The cooling system 100 further comprises a first and a second condenser 22 a, 22 b. As becomes apparent from FIG. 1, each condenser 22 a, 22 b has a refrigerant inlet 24 and a refrigerant outlet 26. The refrigerant A which is evaporated in the evaporators 14 a, 14 b, via a portion 12 a of the cooling circuit 12 downstream of the evaporators 14 a, 14 b and upstream of the condensers 22 a, 22 b, is supplied to the refrigerant inlets 24 of the condensers 22 a, 22 b in its gaseous state of aggregation. The supply of refrigerant A from the evaporators 14 a, 14 b to the condensers 22 a, 22 b is controlled by means of a valve 28. The valve 28 is adapted to control the flow of refrigerant A through the portion 12 a of the cooling circuit 12 such that a defined pressure gradient of the refrigerant A in the portion 12 a of the cooling circuit 12 between the refrigerant outlets 18 a, 18 b of the evaporators 14 a, 14 b and the refrigerant inlets 24 of the condensers 22 a, 22 b is adjusted. The pressure gradient of the refrigerant A in the portion 12 a of the cooling circuit 12 between the refrigerant outlets 18 a, 18 b of the evaporators 14 a, 14 b and the refrigerant inlets 24 of the condensers 22 a, 22 b induces a flow of the refrigerant A from the evaporators 14 a, 14 b to the condensers 22 a, 22 b.

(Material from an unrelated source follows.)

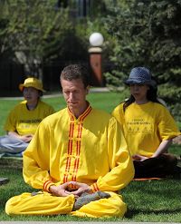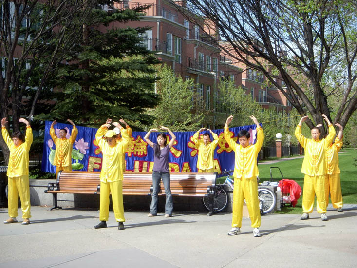 ![]() 卡尔加里法轮功学员为庆祝五∙一三世界法轮大法日,在王子岛公园集体炼功。 |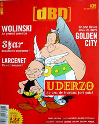 [dBD] ne pouvait certainement pas passer à côté de l'anniversaire d'Astérix. A défaut d'un hors-série sur ce thème, pourtant envisagé, mais repoussé pour cause de retard, ce sont tout de même une jolie couverture (dessin datant des années 1970) et pas moins de 20 pages qui sont dédiées aux auteurs d'Astérix... sans oublier l'édito-hommage forcément trash de Vuillemin. Pour une fois, l'apport d'Albert Uderzo, qui s'exprime dans une formidable interview retraçant ses débuts (étalée sur 13 pages), n'est pas minimisé et les amoureux de son travail seront ravis de voir que les journalistes du magazine l'emmènent vers des terrains moins connus du grand public. C'est à une vraie plongée dans l'Histoire de la bande-dessinée et dans l'Histoire tout court que le grand maître nous convie. Détails étonnants qui nous apprennent par exemple qu'il travailla après la guerre pour un studio d'animation et que ses premiers personnages s'appelaient Flamberge, Arys Buck ou Prince Rollin. Inutile de préciser que le parcours de Goscinny n'est pas oublié. Autres intérêts de la revue, les interviews de Larcenet et Wolinski, pour leur nouvel album respectif.

Each of the condensers 22 a, 22 b is thermally coupled to a heat sink 29 a, 29 b designed in the form of a chiller. The cooling energy provided by the heat sinks 29 a, 29 b in the condensers 22 a, 22 b is used to condense the refrigerant A. Thus, the refrigerant A exits the condensers 22 a, 22 b at respective refrigerant outlets 26, see FIG. 1, in its liquid state of aggregation. Liquid refrigerant A from each of the condensers 22 a, 22 b is supplied to an accumulator 30 a, 30 b. Within the accumulators 30 a, 30 b the refrigerant A is stored in the form of a boiling liquid. In the embodiment of an accumulator arrangement 10 a shown FIG. 1 the condenser 22 a is disposed outside of the accumulator 30 a. As depicted in FIG. 2, it is, however, also conceivable to arrange the condensers 22 a, 22 b within the interior of the accumulators 30 a, 30 b.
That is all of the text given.